$include_dir="/home/hyper-archives/boost/include"; include("$include_dir/msg-header.inc") ?>
Subject: [boost] [unordered] equal_range is O(bucket_count()), not O(size())
From: Brad Higgins (bhiggins_at_[hidden])
Date: 2011-04-07 11:52:59
TR1 specifies that unordered_multimap::equal_range(k) worst case complexity is O(size()). However, in practice, I find that the worst case performance of boost unordred_multimap's equal_range is O(bucket_count()). Is this known?
I believe the issue is with the second iterator returned by equal_range(). Specifically, if there are sparse elements in the hash table, the implementation may have to traverse many buckets to find the second iterator.

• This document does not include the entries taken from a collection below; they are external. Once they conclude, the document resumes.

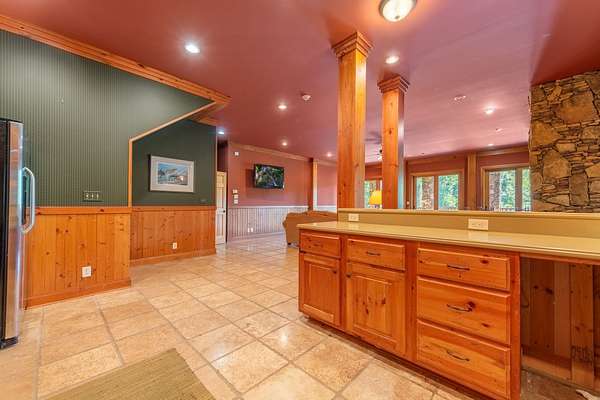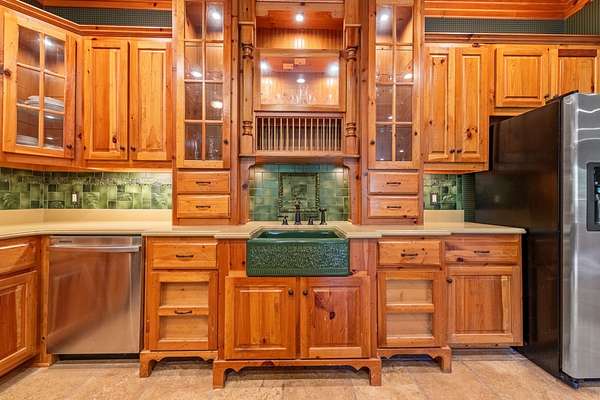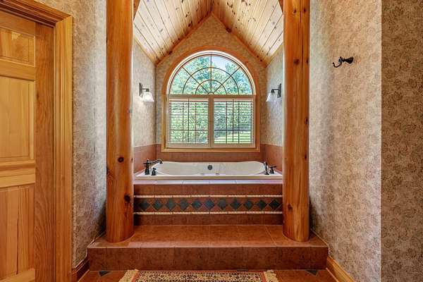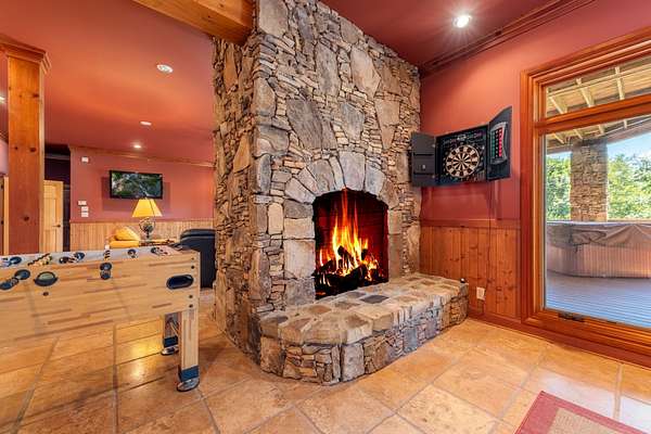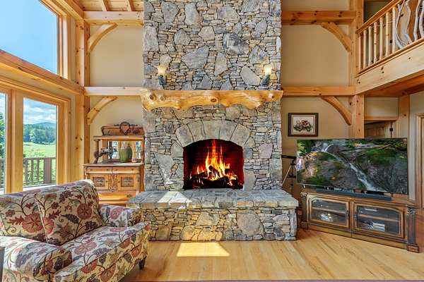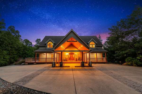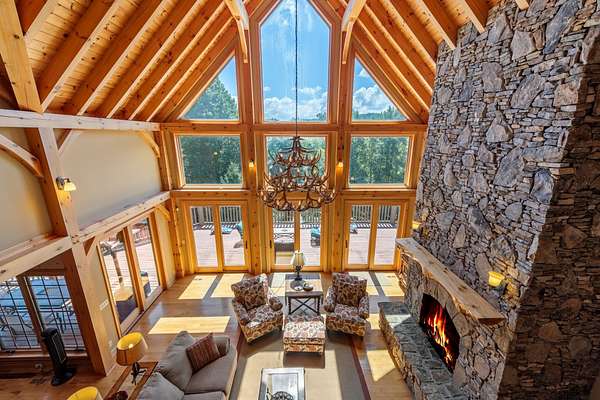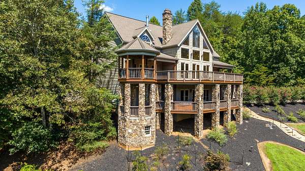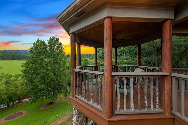 Creekside Lodge, Young Harris, Georgia - This Storybook One-of-a-Kind mountain custom timber frame luxury lodge in Young Harris, Georgia is a truly remarkable property. Nestled alongside picturesque Brasstown Creek and surrounded by oak trees, this home offers a serene and picturesque setting. The sound of the flowing water from the creek creates a soothing atmosphere, perfect for relaxation. The lodge features a vineyard and orchard, allowing you to enjoy the fruits of your labor. Spend a day fly fishing in the creek and then unwind in the hot tub or sauna. The outdoor space is extensive, with over 2,000 square feet of deck that overlooks the creek, pasture, and stunning mountain views. With 630 feet of creek frontage, Creekside Lodge offers a tranquil waterfront experience. The living space of the lodge spans an impressive 6,407 square feet, with five bedrooms and five and a half bathrooms. There are two owner's suites, one on the main level and one upstairs, both featuring custom tile double-headed showers, jetted tubs, double vanities, and custom tile floors. The lodge also includes two laundry rooms for convenience. On the main level, the great room is flooded with natural light from the soaring Pella windows and boasts 60-foot vaulted ceilings, a stack rock fireplace, and a custom antler chandelier hanging from the solid timber wood frame. Hardwood floors flow seamlessly throughout the main floor, leading to the chef's kitchen with rich granite countertops, a top-of-the-line stainless steel refrigerator, a double oven, and a pantry nook. Entertaining is a breeze with an old barn wood table that can seat 16 guests. In addition, there are four gas log fireplaces to keep you warm during the mild North Georgia winters, as well as an outdoor fireplace for cozy outdoor gatherings. The main level owner's suite features a gas log fireplace, a stunning custom tile shower with double showerheads, a jetted tub, granite counters, and a spacious walk-in closet. The upstairs owner's suite offers vaulted ceilings, a large custom tile bathroom with a double-headed shower, a double vanity, a jetted tub, and a walk-in closet with custom wood shelves. The upstairs also features a spacious loft with hardwood floors and a custom mountain laurel railing overlooking the family room below and showcasing the mountain views. Upstairs, there are two additional spacious vaulted ceiling bedrooms with walk-in closets that share a full bathroom. The lodge's terrace level includes a sizable family room with a double- sided fireplace and a gourmet kitchen that rivals many main kitchens. The family room leads to a game room equipped with a full-size pool table, foosball, a dart board, and a slot machine. There is also a full-size bathroom and a bedroom on this level. For added luxury, there is a full-size bathroom with a walk-in sauna. To complete the picture of perfection, a single-car garage with ample storage, featuring custom cabinets, provided convenience and organization. Additionally, a storage tower with a deck was thoughtfully placed on the property, offering a place to store outdoor equipment while also providing a serene spot to enjoy the breathtaking views. The lodge is equipped with modern amenities, including highly desirable Mesh WiFi that extends down to the stream. It also features an 8-camera security system with remote viewing and 30-day storage, motion detectors, smoke, fire, and carbon monoxide detectors, as well as an intruder alert system. This modern mountain retreat is a haven of natural beauty and luxury, offering a perfect blend of comfort and serenity. Whether you're enjoying the creek, taking in the mountain views, or entertaining guests in the spacious living areas, Creekside Lodge is a truly exceptional property. All (3) Three HVAC Systems have recently been replaced with new HVAC Systems.
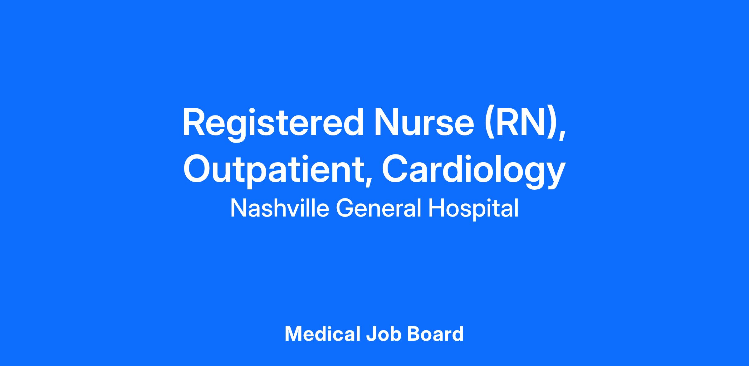 Nashville General Hospital is hiring a Full Time Registered Nurse (RN) for our Cardiology Clinic team in Nashville, Tennessee.
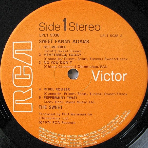 Original UK release in fully laminated sleeve on glossy non-paper RCA Victor labels. First catalogue number on cover, 2nd on labels. Our thanks to: • Pete (stick-drum) Coleman and Rod (how embarrassing) Harper at Audio International; • John Rollo and Steve Cooke at Essex Studio; • Geoff Young and Hugh Padgham at Advision Studios Special thanks to our road crew (Terry, Cuz, Bruno, and Jan) and the barmaid at the Barley Mow RCA Limited, Record Division, RCA House, Curzon Street, London W1 Printed in England by Robert Stace & Co Ltd Manufactured By RCA Limited, England From Master Recordings Of RCA Records. TM(s) ®Marga(s) Registrada(s) Used By Authority Of RCA Corporation. ℗ 1974 RCA Records B4 appears as "AC-DC" on cover, but as "AC/DC" on label. Publishing: • Sweet/Essex - A1, A2, A4, B1 to B3. • Chinnichap/RAK - A3, B4. • Jewel Music Ltd. - A5. Runouts are etched. E̶ stands for an E scratched out with X.

I have a test that demonstrates the issue. The test makes 2 runs over an unordered_multimap, each using the same number of elements. In the second run, it calls rehash() in order to grow the bucket count by a large amount. Notice that the first run is quite fast, while the second run takes more than 10 seconds. Here are the results from my test:
----
$ ./main
rehash(0)
insert 1000 elements
built hash, with 1543 buckets and 1000 elements. Now, get some ranges
time to obtain 1000 elements: 00:00:00.001366
rehash(5000000)
insert 1000 elements
built hash, with 6291469 buckets and 1000 elements. Now, get some ranges
time to obtain 1000 elements: 00:00:10.818002
----
Here is my code for the test:
----
#include <iostream>
#include <boost/unordered_map.hpp>
#include <boost/date_time/posix_time/posix_time.hpp>
typedef boost::unordered_multimap<size_t, size_t> hash_int_type;
typedef hash_int_type::iterator hash_int_itr;
typedef std::pair<size_t, size_t> hash_insert_type;
void
run_test(const size_t data_size,
const size_t rehash_size)
{
hash_int_type hash;
std::cout << "rehash(" << rehash_size << ")\n";
hash.rehash(rehash_size);
std::cout << "insert " << data_size << " elements\n";
for (size_t i=0; i<data_size; i++) {
hash_insert_type ins(i,i);
hash.insert(ins);
}
std::cout << "built hash, with "
<< hash.bucket_count()
<< " buckets and "
<< hash.size()
<< " elements. Now, get some ranges\n";
boost::posix_time::ptime start(boost::posix_time::microsec_clock::local_time());
for (size_t i=data_size-1; i!=0; i--) {
typedef std::pair<hash_int_itr, hash_int_itr> ret_pair;
ret_pair ret = hash.equal_range(i);
if (ret.first != ret.second) {
hash.quick_erase(ret.first);
}
}
boost::posix_time::ptime stop(boost::posix_time::microsec_clock::local_time());
boost::posix_time::time_duration diff_time(stop-start);
std::cout << "time to obtain " << data_size << " elements: " << diff_time << "\n";
}
int
main(int argc, char* argv[])
{
run_test(1000,0);
run_test(1000,5000000);
return 0;
}
-----
Thanks,
Brad